2. Lindung Nilai Arus Kas
Untuk instrumen derivatif yang ditujukan untuk dan memenuhi persyaratan sebagai instrumen lindung
nilai arus kas dan untuk masing-masing transaksi yang dilindungi nilainya:
a. Laba/rugi bersih yang diakui pada periode pelaporan yang mencerminkan:

ketidakefektifan suatu lindung nilai dan

komponen laba/rugi instrumen derivatif, jika ada, yang dikecualikan dari penilaian
efektivitas suatu lindung nilai dan penjelasan mengenai dimana laba atau rugi
bersih dilaporkan, dalam laporan laba/rugi atau dalam laporan kinerja keuangan
yang lain.

b.
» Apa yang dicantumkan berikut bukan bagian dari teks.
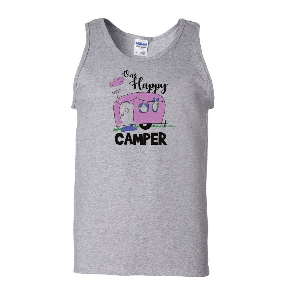 ONE HAPPY CAMPER RV one happy camper tank top rv trailer camping nature wilderness sleeveless gray

Penjelasan mengenai transaksi atau kejadian lain yang mengakibatkan reklasifikasi laba atau
rugi yang dilaporkan dalam akumulasi pendapatan komprehensif lain yang semula dilaporkan
terpisah dalam bagian ekuitas menjadi laba/rugi, dan perkiraan jumlah bersih atas laba atau
rugi yang tersisa pada tanggal pelaporan yang diperkirakan akan direklasifikasi menjadi
laba/rugi dalam periode 12 bulan mendatang.
c. Jangka waktu maksimum lindung nilai atas risiko fluktuasi arus kas pada masa yang akan
datang untuk transaksi yang diperkirakan akan terjadi kecuali perkiraan transaksi yang
berhubungan dengan pembayaran beban bunga mengambang atas instrumen keuangan yang
ada.
d. Jumlah laba atau rugi yang direklasifikasi sebagai laba/rugi akibat dari dihentikannya lindung
nilai arus kas, karena terdapat kemungkinan bahwa transaksi yang diperkirakan, tidak akan
terjadi.
3. Lindung Nilai atas Investasi Bersih pada Kegiatan Usaha di Luar Negeri
Untuk instrumen derivatif, dan instrumen non-derivatif yang dapat menimbulkan laba atau rugi transaksi
valuta asing, yang ditujukan untuk dan memenuhi persyaratan sebagai instrument lindung nilai risiko
valuta asing atas investasi bersih pada kegiatan usaha luar negeri, jumlah bersih laba/rugi yang
dimasukkan dalam penyesuaian penjabaran kumulatif (cumulative translation adjustments) selama
periode pelaporan diungkapkan.
Pengungkapan kuantitatif atas transaksi derivatif akan lebih bermanfaat, dan kemungkinan terjadinya
salah pengertian dapat dikurangi, jika informasi serupa mengenai instrumen keuangan lainnya atau aktiva

14

dan liabilitas non-keuangan yang berkaitan dengan instrumen derivatif karena suatu aktivitas, juga
diungkapkan.

Pelaporan Perubahan Komponen Ekuitas


Suatu entitas harus menyajikan laba/rugi dari instrument derivatif yang ditujukan dan memenuhi syarat
sebagai instrument lindung nilai arus kas, sebagai klasifikasi yang terpisah dalam bagian ekuitas lain.
Suatu entitas harus mengungkapkan secara terpisah saldo awal dan akhir akumulasi laba dan rugi
transaksi derivatif, perubahan bersih yang berhubungan transaksi lindung nilai pada periode berjalan, dan
jumlah bersih dari reklasifikasi ke dalam laba/rugi yang disajikan sebagai bagian ekuitas.